Discussion in 'Trading' started by Evermore2017, Dec 20, 2017.

  1. With that volatility,i`m still learning how not to fall asleep.
     
    #11     Dec 20, 2017
  2. True, but there's always more and better!
     
    #12     Dec 20, 2017
    d08 likes this.
  3. Xela

    Xela


    I think it probably has more to do with numbers of trades and variability/steadiness of results than with years?

    It's going to take a swing-trader from weekly charts far longer to feel confident that s/he's a successful trader than someone trading 10 times a day from 2-minute charts (a "semi-scalper", let's say), because the evidence for that belief is clearly going to take hugely longer to achieve statistical significance?

    I was advised, at the time, that I "should" consider myself a successful trader (and the frame of reference for defining the words "successful trader", at the time, was more or less "someone who can have a reasonable expectation of eventually being able to make a full-time living from it, given adequate trading capital, etc. etc.") when I was able to collate the results of a minimum of 300 consecutive trades without overall loss and without any peak-to-trough drawdowns bigger than 7.5%.

    Obviously people's ideas of what constitutes a "successful trader" will vary significantly, but I certainly don't think the one above is a bad or misleading or unrealistic one, overall (and more specifically, I think it's right for the "results component" of the definition to be described in terms of drawdown-avoidance rather than in terms of profit achieved - though doubtless some people here will disagree with me about that, too).



    Interesting analogy, there! I think I agree. (But I'm probably biased: I was much better at physics than I am at chess!).
     
    Last edited: Dec 20, 2017
    #13     Dec 20, 2017
    Sprout likes this.
  4. Nope. Ditto!
     
    #14     Dec 20, 2017
    Xela likes this.
  5. TraDaToR

    TraDaToR

    2017 was my 11th year trading as my sole income. I have never had a year when I spent more than I earned, so I guess I must qualify...LOL
     
    #15     Dec 20, 2017
    trader99, nbbo, JamesEM and 2 others like this.
  6. Pekelo

    Pekelo

    When you can pay your bills with your profits...
     
    #16     Dec 20, 2017
    d08 likes this.
  7. wrbtrader

    wrbtrader

    You'll know via your family and close personal friends. You trading your own account is viewed by them just as a job...boring / stressful job.

    They know its OK when they know you're paying your bills and supporting your family. :D

    wrbtrader
     
    #17     Dec 20, 2017
    comagnum and Xela like this.
  8. Pekelo

    Pekelo

    People, without definitions questions like these are meaningless. Also I would like to remind you that profitable =/= successful, again, depending on the definition and one's goals.

    1. Trader A makes 10K on a 5K futures account, 200% return in one year. Can he live on 10K? No. But it is an excellent return for such an account.
    2. Trader B makes 10K on a 100K stock account, year after year. Can he live on 10K? No.
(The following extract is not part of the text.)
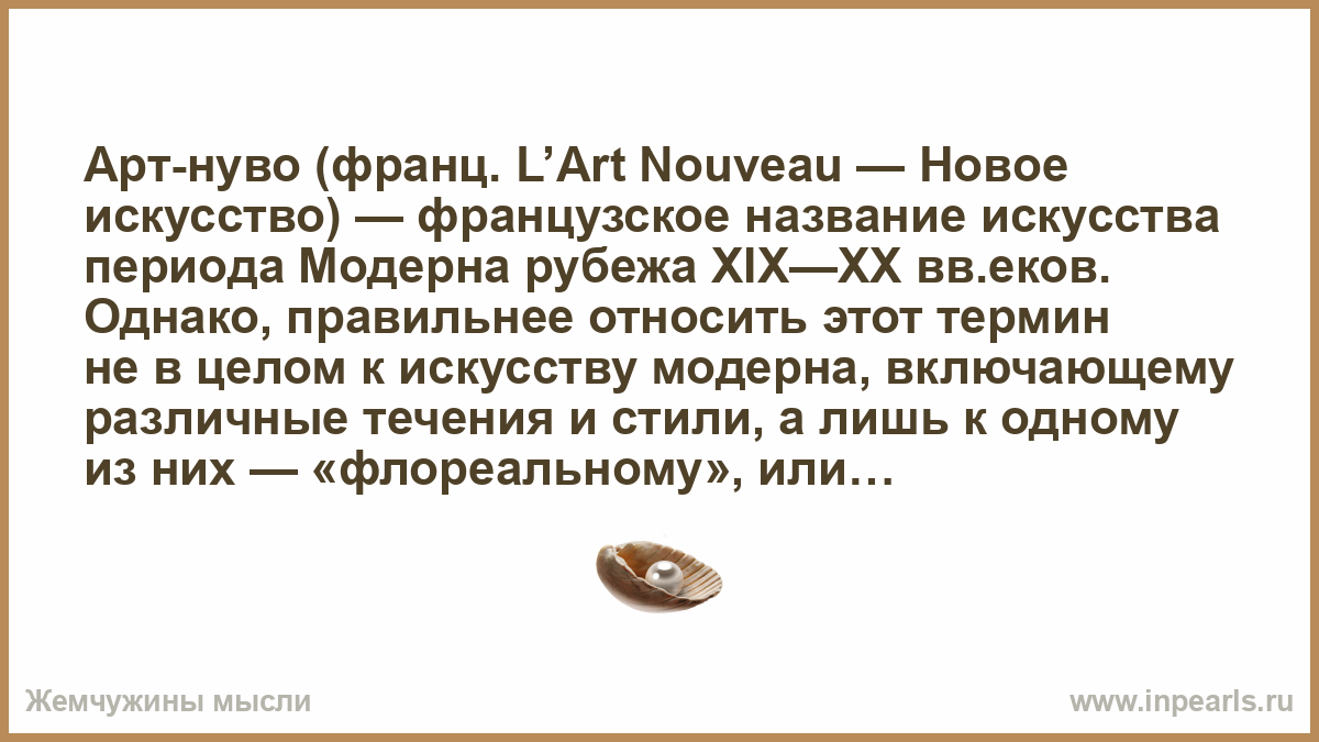 Арт-нуво (франц. L’Art Nouveau — Новое искусство) — французское название искусства периода Модерна рубежа XIX—XX вв.еков. Однако, правильнее относить этот термин не в целом к искусству модерна, включающему различные течения и стили, а лишь к одному из них — «флореальному», или декоративно-орнаментальному, течению и стилю, зародившемуся в Бельгии и Франции.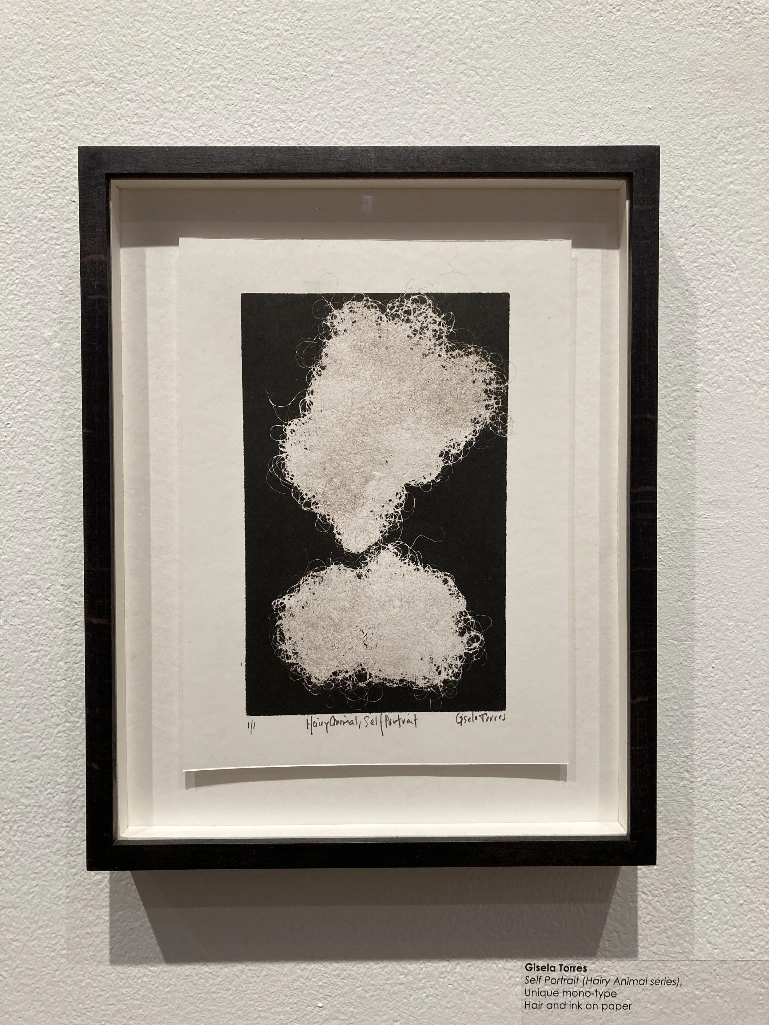 Hairy Animal, Hair Stories (Self-Portrait), is an ongoing project series of mono-type studies made using Torres’s own hair as a mark making tool to create an indexical trace containing her unique DNA.

But it is a pretty respectable return for growing capital specially if made in consecutive years.
    3. Trader C makes 5% on a 1 mill account and lives off of it. He doesn't have to work other job. (let's say he lives in Vietnam)

    So would the OP consider these traders successful? I guess beside a definition it also depends on one's goals. If the goals were achieved one can consider himself successful.
     
    Last edited: Dec 20, 2017
    #18     Dec 20, 2017
    light12 and Xela like this.
  9. Depends. You could have had a string of good, consistent profitable years during this raging market. (Note the expression, "confusing brains with a bull market".) You won't know where you stand as a trader until you experience a big smashola and come out of it relatively unscathed.

    Over your trading career, the market is going to "take a run at you"... the kind that could leave you bankrupt and in tears.... perhaps a half-dozen times. It only needs to nail you once or twice to ruin everything. Until you have dealt with that, you don't really know where you stand.

    Stated another way... "One bad year, Hell... even one string of bad short-term decisions, could wipe out 20 years of success".

    You haven't "won" the game of trading until you quit and are holding the market's money. It's like poker. You've only won when the game breaks up and you're the one with the chips.
     
    Last edited: Dec 20, 2017
    #19     Dec 20, 2017
  10. SteveM

    SteveM

    As someone who has had glimpses of "it" but is still not "there" yet, everything said here intuitively feels like the truth.